Data below:
○ ○ ○ ○ ○ ○ ○
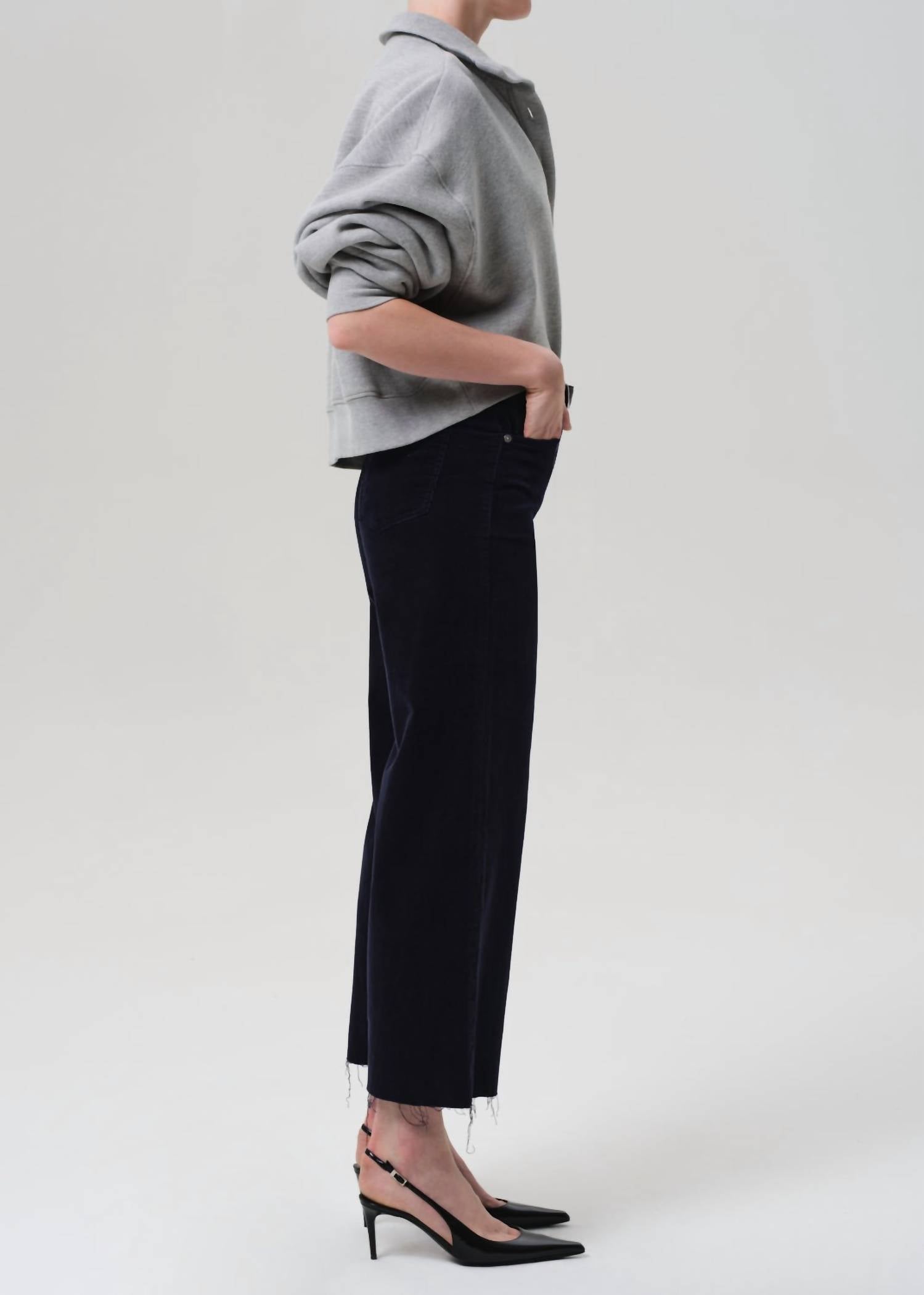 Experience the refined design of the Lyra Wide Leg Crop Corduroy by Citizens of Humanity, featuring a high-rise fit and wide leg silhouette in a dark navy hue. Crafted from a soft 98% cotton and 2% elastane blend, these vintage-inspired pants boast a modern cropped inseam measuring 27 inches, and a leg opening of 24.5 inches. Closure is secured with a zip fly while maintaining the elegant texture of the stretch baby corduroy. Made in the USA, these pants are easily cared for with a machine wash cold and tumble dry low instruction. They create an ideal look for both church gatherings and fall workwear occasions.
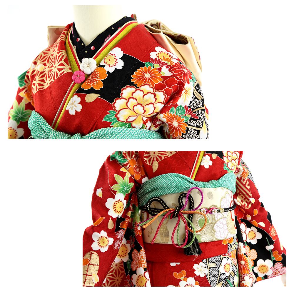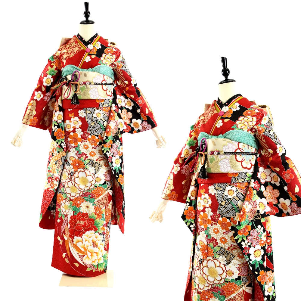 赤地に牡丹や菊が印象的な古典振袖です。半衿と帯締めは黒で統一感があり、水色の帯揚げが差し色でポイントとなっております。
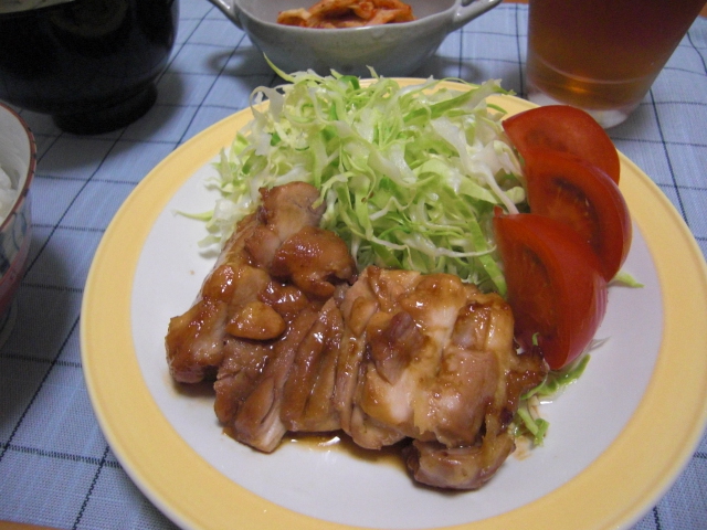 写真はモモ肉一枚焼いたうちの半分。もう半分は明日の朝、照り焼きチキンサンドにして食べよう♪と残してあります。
○ ○ ○ ○ ○ ○ ○
Your objective: The material above is to be set down exactly, with pictures removed.

Problem solution:
 Experience the refined design of the Lyra Wide Leg Crop Corduroy by Citizens of Humanity, featuring a high-rise fit and wide leg silhouette in a dark navy hue. Crafted from a soft 98% cotton and 2% elastane blend, these vintage-inspired pants boast a modern cropped inseam measuring 27 inches, and a leg opening of 24.5 inches. Closure is secured with a zip fly while maintaining the elegant texture of the stretch baby corduroy. Made in the USA, these pants are easily cared for with a machine wash cold and tumble dry low instruction. They create an ideal look for both church gatherings and fall workwear occasions.
 赤地に牡丹や菊が印象的な古典振袖です。半衿と帯締めは黒で統一感があり、水色の帯揚げが差し色でポイントとなっております。
 写真はモモ肉一枚焼いたうちの半分。もう半分は明日の朝、照り焼きチキンサンドにして食べよう♪と残してあります。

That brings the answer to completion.